Embora a última missão do vaivém, em 2009, tenha deixado o Hubble em excelente estado, ao longo da última década os engenheiros desenvolveram correções de software inovadoras.

Criaram também técnicas de diagnóstico e resolução de problemas à distância, para contornar o desgaste natural do hardware.

Assim, o Telescópio Hubble continua totalmente operacional. Em parceria com o Webb, estuda atmosferas de exoplanetas e cartografa a formação de enxames de galáxias distantes.

Um ícone cultural

Para lá do prestígio científico, o Hubble conquistou a imaginação do público. As suas imagens - Pilares da Criação, a Nebulosa da Águia, a Cabeça de Cavalo, a Galáxia do Sombrero - enfeitam salas de aula, inspiram artistas e dominam documentários.

A produção visual do Hubble torna a astrofísica mais acessível, convertendo dados aparentemente herméticos em paisagens vibrantes que transmitem beleza e escala.

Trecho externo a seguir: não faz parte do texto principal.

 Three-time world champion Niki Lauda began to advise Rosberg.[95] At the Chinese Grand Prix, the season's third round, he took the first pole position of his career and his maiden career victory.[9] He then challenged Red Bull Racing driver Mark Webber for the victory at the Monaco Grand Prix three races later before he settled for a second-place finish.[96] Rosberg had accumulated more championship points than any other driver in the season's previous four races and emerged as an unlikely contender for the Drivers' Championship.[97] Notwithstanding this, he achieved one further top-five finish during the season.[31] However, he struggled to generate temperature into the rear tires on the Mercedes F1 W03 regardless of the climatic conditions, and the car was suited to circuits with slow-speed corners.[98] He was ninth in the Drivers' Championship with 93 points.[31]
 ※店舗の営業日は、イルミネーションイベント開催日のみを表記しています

O sucesso do telescópio provou que a exploração do espaço profundo não é apenas para cientistas, mas para todos os que levantam os olhos e se maravilham.

Novo telescópio construído com as lições do Hubble

Um dia, a “tocha” do Hubble passará para o Habitable Worlds Observatory (HWO), o sucessor proposto pela NASA para a década de 2040.

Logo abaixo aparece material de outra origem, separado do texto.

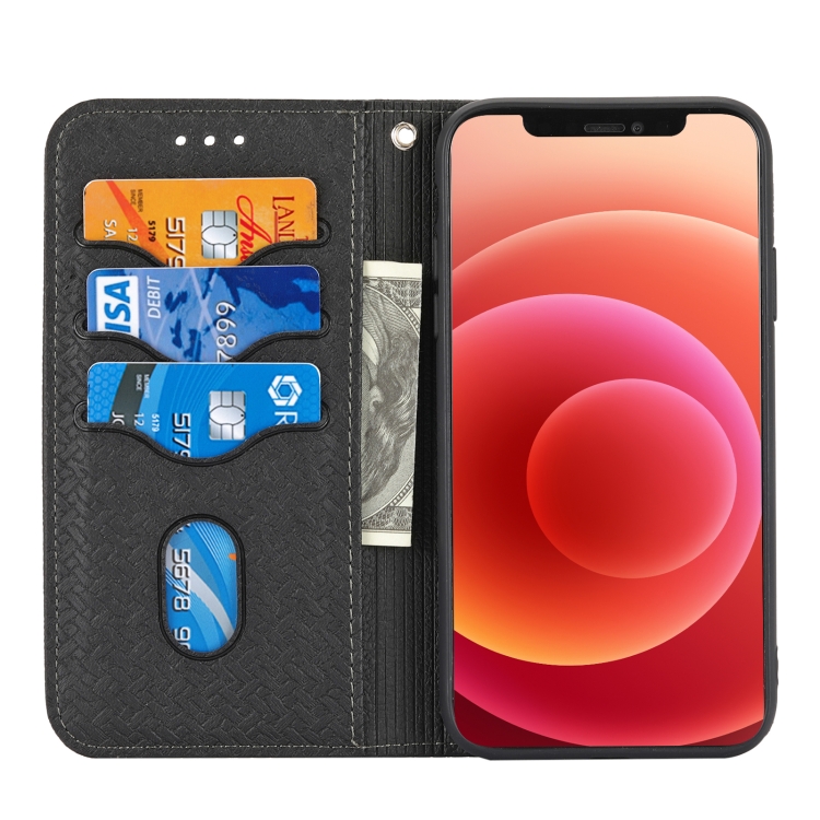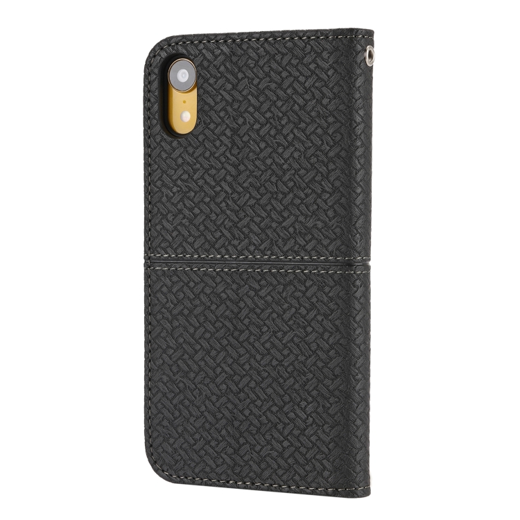 Funda para iPhone Xr PU Cuero Textura Tejido Costura Magnética Horizontal Flip con Soporte Ranuras Tarjetas Billetera y Cordón (Negro)

Com um espelho muito maior do que o do Hubble e capacidades nas bandas do ultravioleta e do visível, o HWO pretende ser até 100 vezes mais sensível à luz das estrelas.

Um dos objetivos centrais da missão é encontrar planetas do tamanho da Terra em zonas habitáveis e detetar possíveis sinais de vida nas suas atmosferas.

Os engenheiros planeiam que o HWO seja passível de manutenção, aplicando diretamente as lições aprendidas em três décadas a manter o Hubble operacional e em plena forma.

O legado do Hubble continua a crescer

Por agora, o Hubble continua a sua viagem pioneira, em órbita da Terra a cada 97 minutos, a uma altitude de cerca de 330 milhas (aproximadamente 530 km).

Todos os dias, varre o espaço, acrescentando novos dados ao seu arquivo colossal e oferecendo à humanidade novas perspetivas sobre o nascimento de estrelas, colisões de galáxias e meteorologia planetária.

Do início atribulado ao estatuto de estrela que tem hoje, a trajetória de 35 anos do Hubble é um retrato de engenho, perseverança e curiosidade - precisamente as qualidades que alimentam todas as grandes explorações.

A mais recente divulgação de imagens da NASA é, ao mesmo tempo, um cartão de aniversário e um aviso: algures lá em cima, um Telescópio Hubble envelhecido mas ágil continua a abrir essa “nova janela para o universo”, convidando-nos a espreitar e a sonhar.